Mapping Chinese Spiritual Capital

This initiative expands the social scientific study of religion in China by pursuing three inter-related goals: mapping the religious landscape and the changing religious markets, assessing spiritual capital in the emerging civil society, and nourishing the growing field through publishing first-rate research in a new journal.

(1) Mapping the Religious Landscape and the Changing Religious Markets: What are the status and changing dynamics of various religions in China today? We will produce an atlas that includes maps, charts, images and descriptions of religious life in various parts of China. The maps will apply GIS technologies and spatial statistics to show geographical locations of religious venues and patterns. Much of the data for these maps come from China’s 2004 economic census that include information of 72,887 religious venues as economic units, and new geodata collected from “hot spot” and “cold spot” areas (i.e., areas with high and low concentration of religious venues). The atlas will also include a set of survey analyses that identify the social environments of religious believers and practitioners. Several surveys have become available, yet remain under analyzed until now. Second, we will produce an edited handbook of the changing religious markets in China, which will include fieldwork reports of religious groups and communities in various parts of China, with an emphasis on their changing status and crossing the boundaries of the red/black/gray markets of religion. This edited volume will help deepen the theoretical construction of religious markets. In addition, we will develop an online interface to archive and present the geodata, audio/video materials, and interactive maps.

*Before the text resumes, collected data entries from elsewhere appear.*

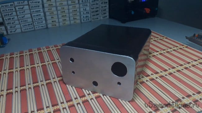 Дальше я решил изготовить корпус. На чердаке нашёл пластиковую коробочку к ней надо было ещё сделать переднюю панель. Сделал я её из алюминия. Но к сожалению коробочка у меня оказалась довольно-таки проблематичной и дело в том что устанавливать платы было довольно-таки сложно поэтому я не снимал процесс сборки на камеру так, как были проблемы но всё же я смог и получилась довольно-таки красиво.
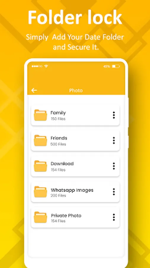 File Lock : Folder Password Lock app lets you password-protect your personal files (ex: photos, videos, documents, wallet cards, contacts, notes and audio recordings, etc…) in your Android Phones.
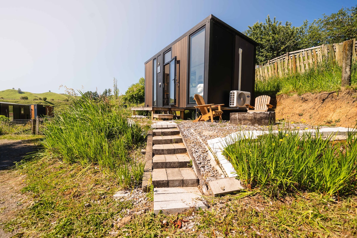 Escape to our newly built, stylish tiny home with a cozy queen bed and comfy double fold-out couch. Hangout by the firepit area, relax in the private sauna, unwind in the spa bath or refresh under the outdoor shower. With a covered outdoor patio area, enjoy sunset dinners with a view of Mount Taranaki. Located on the back section of our property, this private tiny home is only a 5min drive to scenic beaches, coastal walkway and restaurants and cafes of central New Plymouth.

The atlas, the handbook, and the online interface together will set a benchmark for the study of the dynamic changes taking place in the spiritual and religious traditions in China.

(2) Assessing Spiritual Capital in the Emerging Civil Society: By spiritual capital we mean the value created by religious and spiritual social networks that enable people and groups to bond together and to serve others. This part of the initiative will answer two research questions: How have religions survived and revived under Communist rule? What roles do Christians and Buddhists play in the growing civil society during the market and democratic transitions? The two largest religions in China today are Christianity and Buddhism. We will conduct oral history interviews with 100 Christian leaders and 100 Buddhist leaders. These interviews will help to discover factors and mechanisms of how religions survived the eradication policy during the Cultural Revolution and how they have revived and are thriving since then in spite of restrictive regulations. We will also conduct in-depth interviews with 100 Christian professionals (lawyers, journalists, professors, writers, and artists) and 100 Buddhist professionals about their civic values and civic engagements.

(3) Fostering New Scholarship: We will nourish the scholarly study of Chinese religions by developing first-rate, independent research in our journal, the Review of Religion and Chinese Society. We will also organize a series of two-week writing workshops for younger scholars at Purdue. For each workshop, we will select twelve scholars who have done research on religion in China and who are motivated to publish in international journals in English. We’ll publish two special issues based on the research in the first two parts of the new initiative, one on the changing religious markets and one on religion in civil society or democratic movements.